**Problem statement:** Extract from the entries below, exactly as given, only the lines from the line containing "今日の児童朝会で、千羽鶴を持" to the line containing "志愿者们分工协作,有的细致清", both lines included.

**Supplied records:**
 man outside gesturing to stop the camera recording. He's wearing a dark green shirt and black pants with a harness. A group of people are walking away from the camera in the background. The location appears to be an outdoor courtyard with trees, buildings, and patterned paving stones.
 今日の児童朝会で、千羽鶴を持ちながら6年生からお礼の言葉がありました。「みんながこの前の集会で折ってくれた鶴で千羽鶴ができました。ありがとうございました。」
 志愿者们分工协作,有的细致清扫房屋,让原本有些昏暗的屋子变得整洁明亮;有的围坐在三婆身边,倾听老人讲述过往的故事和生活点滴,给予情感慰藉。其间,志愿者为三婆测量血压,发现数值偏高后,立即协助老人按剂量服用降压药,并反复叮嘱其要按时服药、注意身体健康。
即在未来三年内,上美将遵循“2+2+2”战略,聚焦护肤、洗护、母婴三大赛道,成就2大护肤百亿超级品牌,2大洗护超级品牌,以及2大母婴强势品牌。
--
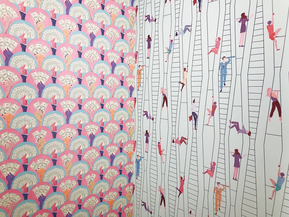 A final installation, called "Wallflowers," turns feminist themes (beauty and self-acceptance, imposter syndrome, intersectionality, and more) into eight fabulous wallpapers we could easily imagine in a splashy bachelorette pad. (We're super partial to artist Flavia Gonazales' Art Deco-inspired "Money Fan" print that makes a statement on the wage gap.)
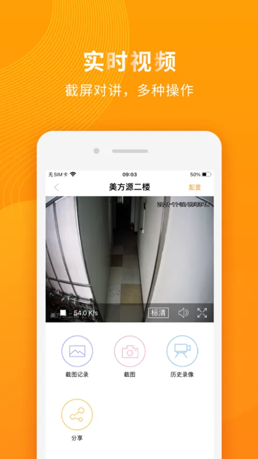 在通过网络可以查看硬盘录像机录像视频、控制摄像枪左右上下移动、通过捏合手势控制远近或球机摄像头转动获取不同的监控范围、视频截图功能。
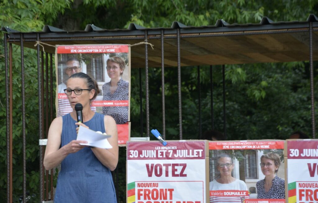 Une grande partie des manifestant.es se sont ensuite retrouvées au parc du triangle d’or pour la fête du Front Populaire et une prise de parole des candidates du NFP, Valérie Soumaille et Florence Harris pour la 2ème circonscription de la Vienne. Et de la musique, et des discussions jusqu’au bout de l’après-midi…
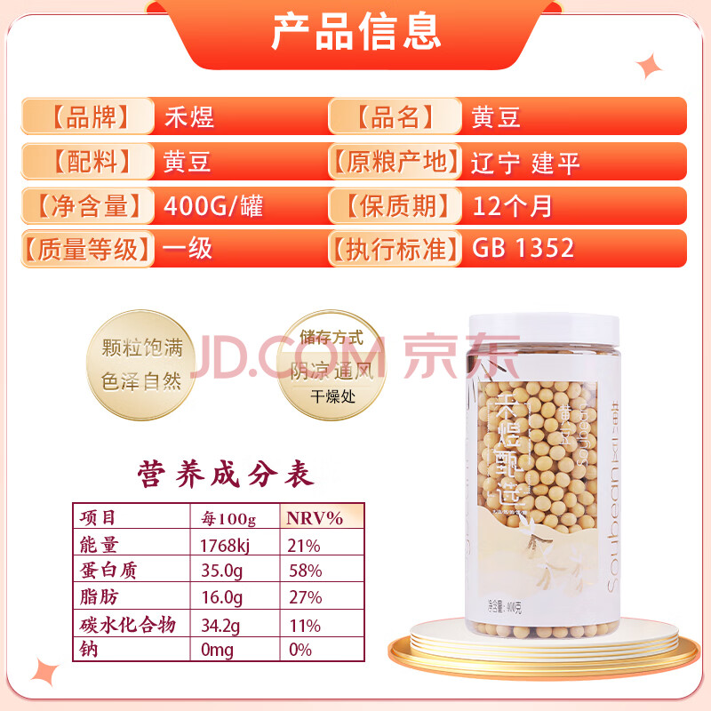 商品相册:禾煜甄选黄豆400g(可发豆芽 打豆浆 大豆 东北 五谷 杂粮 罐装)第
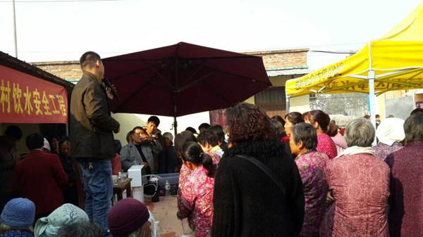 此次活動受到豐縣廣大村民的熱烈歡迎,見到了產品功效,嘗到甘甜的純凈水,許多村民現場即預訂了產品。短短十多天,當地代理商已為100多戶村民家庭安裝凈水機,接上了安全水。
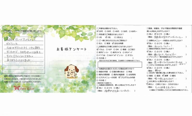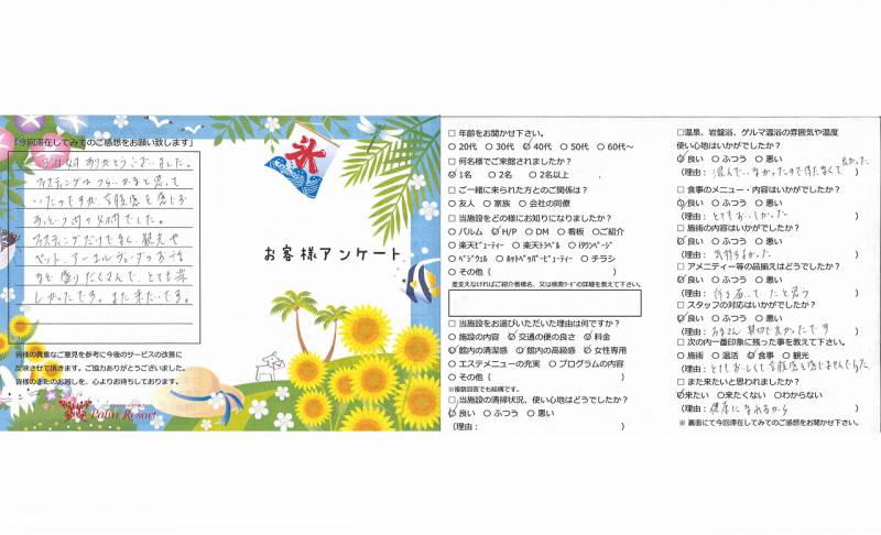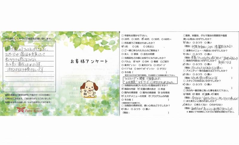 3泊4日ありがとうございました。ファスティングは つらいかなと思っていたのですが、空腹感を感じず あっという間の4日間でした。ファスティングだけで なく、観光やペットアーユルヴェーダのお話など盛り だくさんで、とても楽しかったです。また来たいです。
...
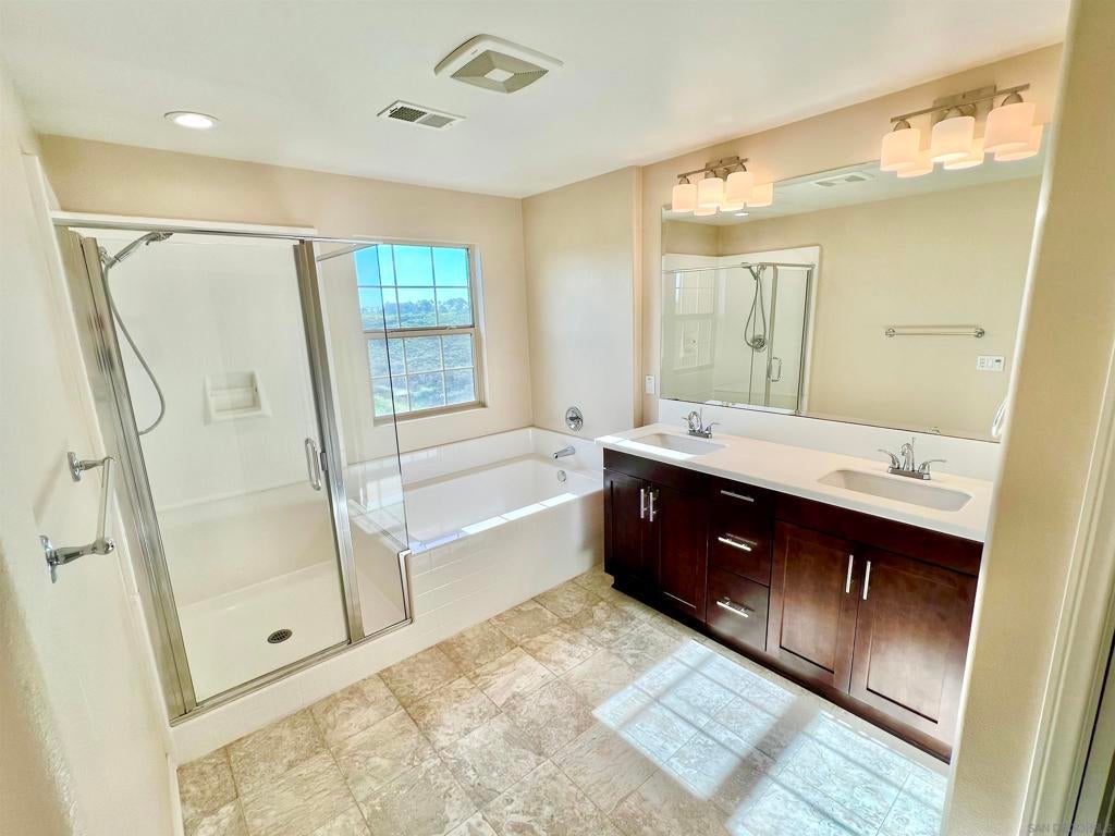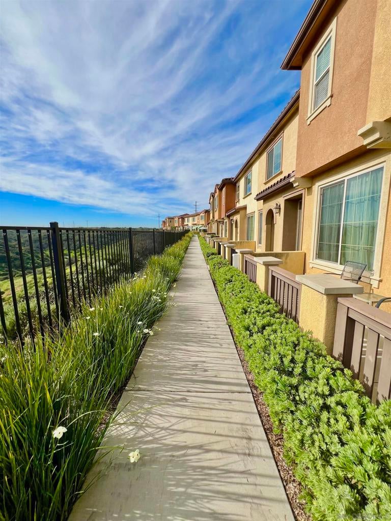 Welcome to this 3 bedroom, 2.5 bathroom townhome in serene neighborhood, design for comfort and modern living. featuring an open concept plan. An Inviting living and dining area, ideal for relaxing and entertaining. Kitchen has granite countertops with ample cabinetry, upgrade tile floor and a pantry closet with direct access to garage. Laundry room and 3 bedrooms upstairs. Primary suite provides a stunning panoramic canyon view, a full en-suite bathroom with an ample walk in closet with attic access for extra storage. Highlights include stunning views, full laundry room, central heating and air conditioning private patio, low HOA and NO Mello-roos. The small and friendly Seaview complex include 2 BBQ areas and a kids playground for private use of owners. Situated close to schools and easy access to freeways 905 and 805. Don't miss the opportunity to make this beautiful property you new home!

**Answer below:**
 今日の児童朝会で、千羽鶴を持ちながら6年生からお礼の言葉がありました。「みんながこの前の集会で折ってくれた鶴で千羽鶴ができました。ありがとうございました。」
 志愿者们分工协作,有的细致清扫房屋,让原本有些昏暗的屋子变得整洁明亮;有的围坐在三婆身边,倾听老人讲述过往的故事和生活点滴,给予情感慰藉。其间,志愿者为三婆测量血压,发现数值偏高后,立即协助老人按剂量服用降压药,并反复叮嘱其要按时服药、注意身体健康。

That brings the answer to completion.